Tabular encoders are usually evaluated inside task-specific end-to-end pipelines, so a strong result may come from the wrapped predictor, training budget, and task-specific adaptation as much as from the encoder itself. TRL-Bench asks a comparability question: under one shared protocol over the exported representations, how do heterogeneous tabular encoders actually differ?

Encoders

across every paradigm

Tasks

over three suites

Datasets

SATO, SOTAB, Spider, OpenML…

Suites

row · column · table

47,772

Lake Tables

TRL-DLTE enrichment lake

1,120

DLTE Pipelines

10 × 8 × 14 stage combos

Encode once, reuse many

In encode-once, reuse-many settings, tables are embedded once and reused across tasks and large multi-table corpora such as data lakes.

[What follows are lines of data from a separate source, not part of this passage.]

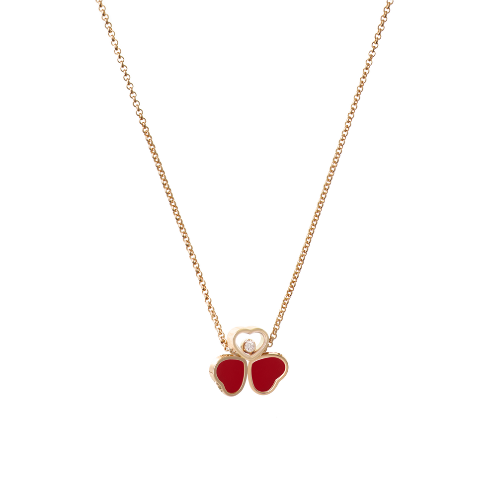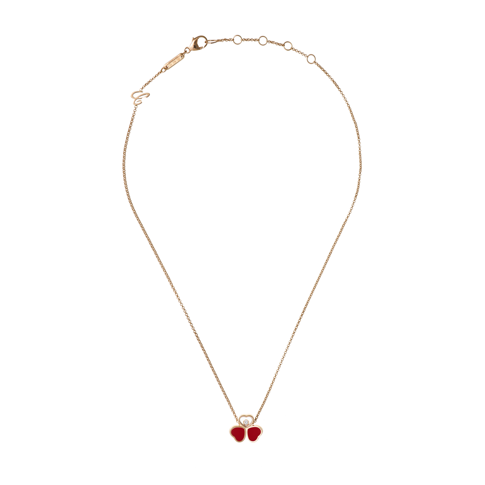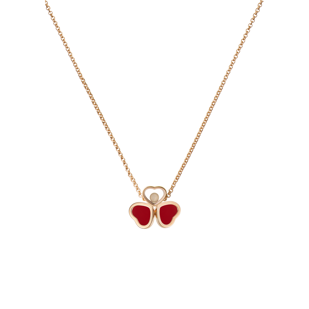 Als Inbegriff der Leichtigkeit hauchte der Schmetterling den Diamantcolliers Happy Hearts Wings all seine Zartheit und symbolische Kraft ein. In den Linien dieser Luxus-Schmuckkollektion wird er mit einer außergewöhnlichen Raffinesse interpretiert, welche die Symbolik des Hauses Chopard widerspiegelt. Zwei wie die Flügel eines Schmetterlings angeordnete Herzen aus rotem Stein und Roségold bilden ein Arrangement mit einem Herz, in das sich ein beweglicher Diamant schmiegt. Little Diamonds Do Great Things.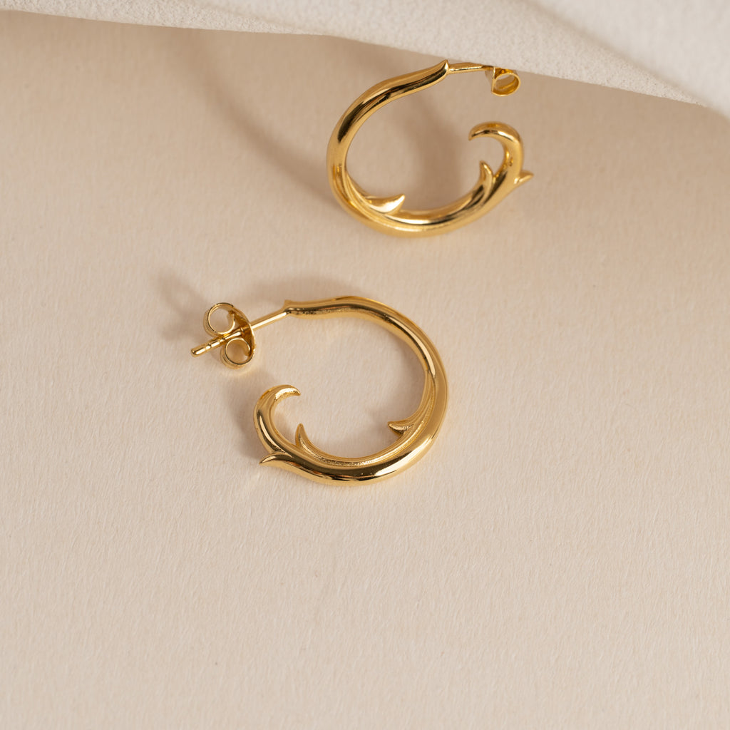 Creoler i 100% genanvendt 18 karat forgyldt sterlingsølv med bølgeinspirerede detaljer, der giver et dynamisk og levende udtryk. Et unikt og iøjnefaldende valg til både hverdag og særlige anledninger.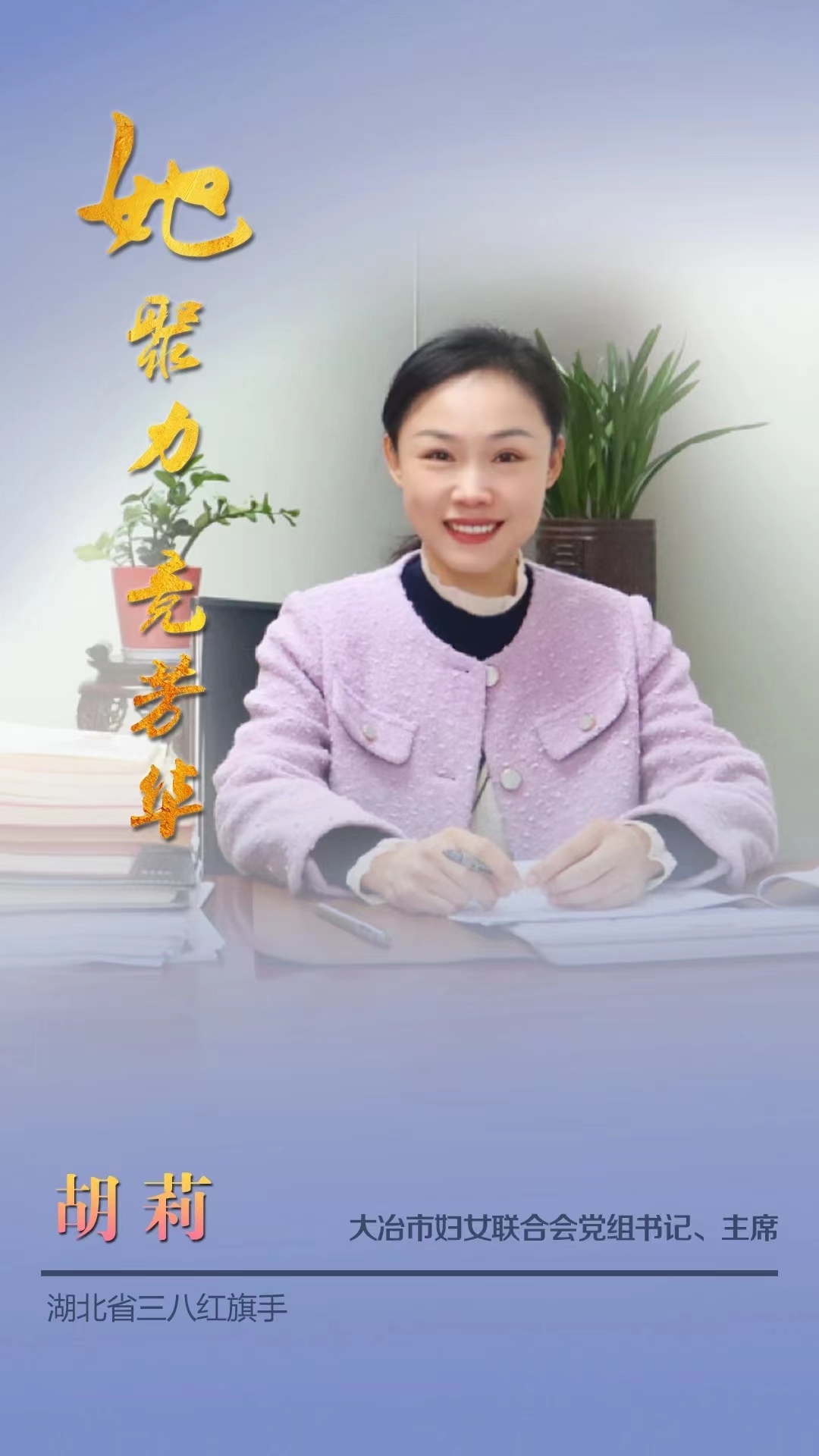 ? 胡莉,工作十九年,先后經歷組織、鄉鎮、黨辦、群團等不同崗位,她始終牢記肩負的責任和使命,以全心全意為人民服務為出發點,以加強理論和業務學習為立足點,以辦好事實事為著力點,積極投身于改革發展、鄉村振興、創新創業的浪潮,在經濟社會發展中奮力譜寫巾幗華章。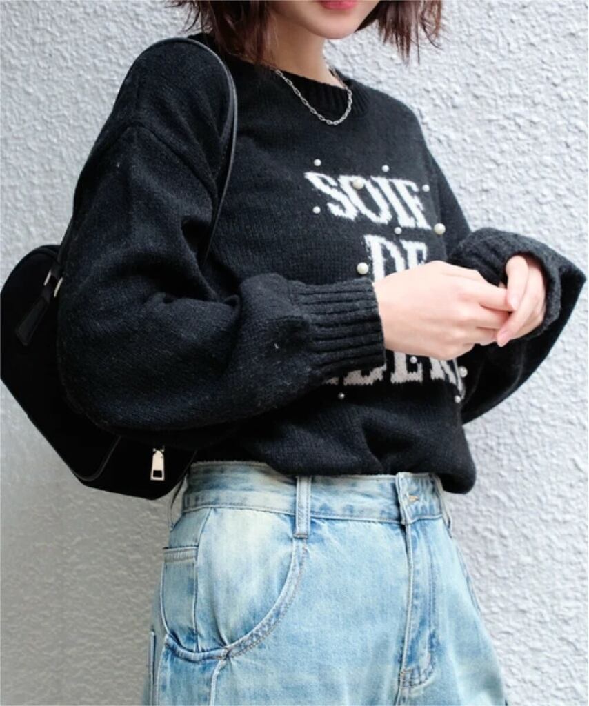 大きめロゴと散りばめたパールがアクセントのジャガードニット。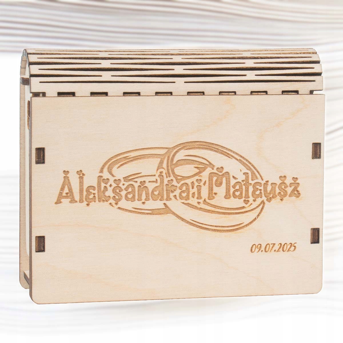 Гравировка на крышке - это просто предложение. Вы можете включить имена молодоженов и дату брака. Место по запросу. Гравировка сделана в лазерной технологии, благодаря которой она является постоянной и эстетической. p>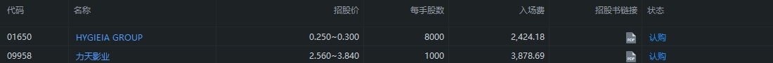今日可认购新股:$HYGIEIA GROUP(01650.HK)$、$力天影业(09958.HK)$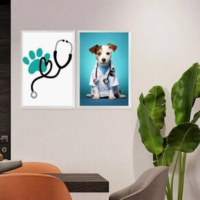 Kit 2 quadros decoração clínica veterinária 45x34cm Cor: moldura branca Informações do produto tire todas as suas dúvidas no descritivo abaixo: decoração para quarto, sala, cozinha, escritório, área gourmet e muito mais. Chega de paredes vazias. Medidas - cada peça tem 45x34cm a3 . Material do papel - papel fotográfico brilhante de altíssima resolução acabamento - todos os quadros são acompanhados de uma película de acetato para proteção da imagem. - os quadros são embalados de forma segura com plástico bolha com camada dupla de acordo com o tamanho dos quadros. Garantia - garantia de 3 meses. Meu quadro chegou. Como posso fixá-lo Você precisa apenas de um martelo e um prego, pois os quadros já vão acompanhados de penduradores. Esta é a forma mais indicada. Caso prefira, você pode utilizar uma fita dupla face neste caso, sugerimos de alta qualidade para evitar que descole e seu quadro caia . Como posso limpar meu quadro A limpeza é feita como um móvel comum da sua casa. Apenas um pano seco ou espanador são suficientes para tal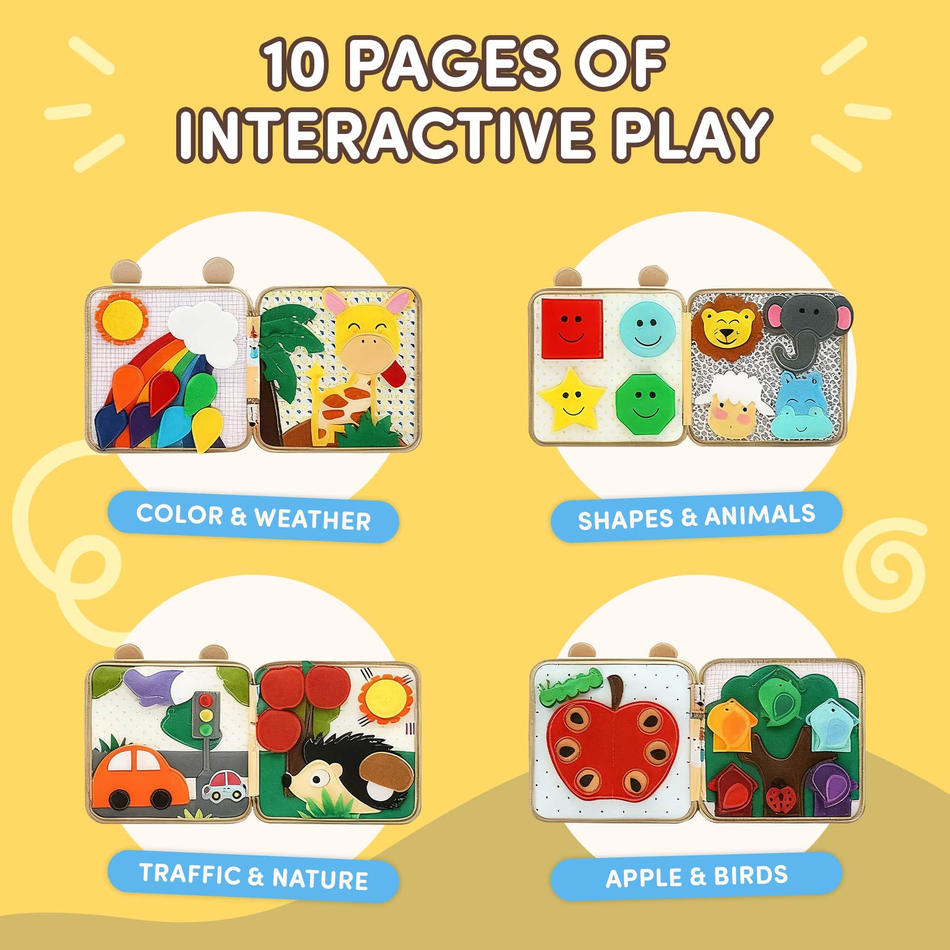 The book comes with 10 interactive pages, covering themes like colors & weather, shapes & animals, traffic & nature, counting, and more. Each page is designed to keep kids engaged while building developmental skills.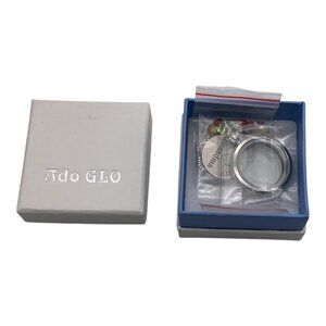 This Ado Glo necklace set features a locket pendant that holds colorful charms, allowing for personalization. It comes in a gift box, making it suitable for gifting. The chain is 21 inches long, providing a comfortable fit.

The representation — not the task-specific wrapper — becomes the object of evaluation.

Representation-level protocol

Each model exports frozen row-, column-, or table-embeddings; shared lightweight heads (training-free, learned probes, or query-conditioned) read them out. Comparisons reflect the exported embedding under common readouts, not the choice of downstream predictor.

A benchmark and a library

Many wrapped models were never built to emit embeddings — in-context predictors (TabPFN, TabICL), table-QA/parsing models (TAPAS, TAPEX, TaBERT), and self-supervised learners (SAINT, SCARF, SubTab, VIME). One shared wrapper turns each into a reusable tabular embedding model.

Three Suites, Three Granularities

TRL-Bench treats retrieval, schema alignment, linkage, prediction, and grounding as atomic capabilities, and measures them at the granularities where embeddings are actually reused — columns and tables, rows, and their composition.

TRL-CTbench

Column & table transfer · 13 tasks

Eight column-level and five table-level tasks across schema understanding, joinability, unionability, and grounding (table QA, retrieval & subset). Twenty standardized column/table datasets; evaluated on the 10 of 20 models that natively expose column or table embeddings.

Leader: Starmie — 0.662 MAP Union Search, 0.764 R@GT Schema Matching.

TRL-CTbench dataset →

TRL-Rbench

Row transfer · prediction + linkage

Within-table row prediction over 50 OpenML-derived tables with 123 hand-verified targets (77 classification, 46 regression), and cross-table record linkage over 16 datasets, split into Clean and Robust linkage. Tests whether one row embedding transfers both within and across tables.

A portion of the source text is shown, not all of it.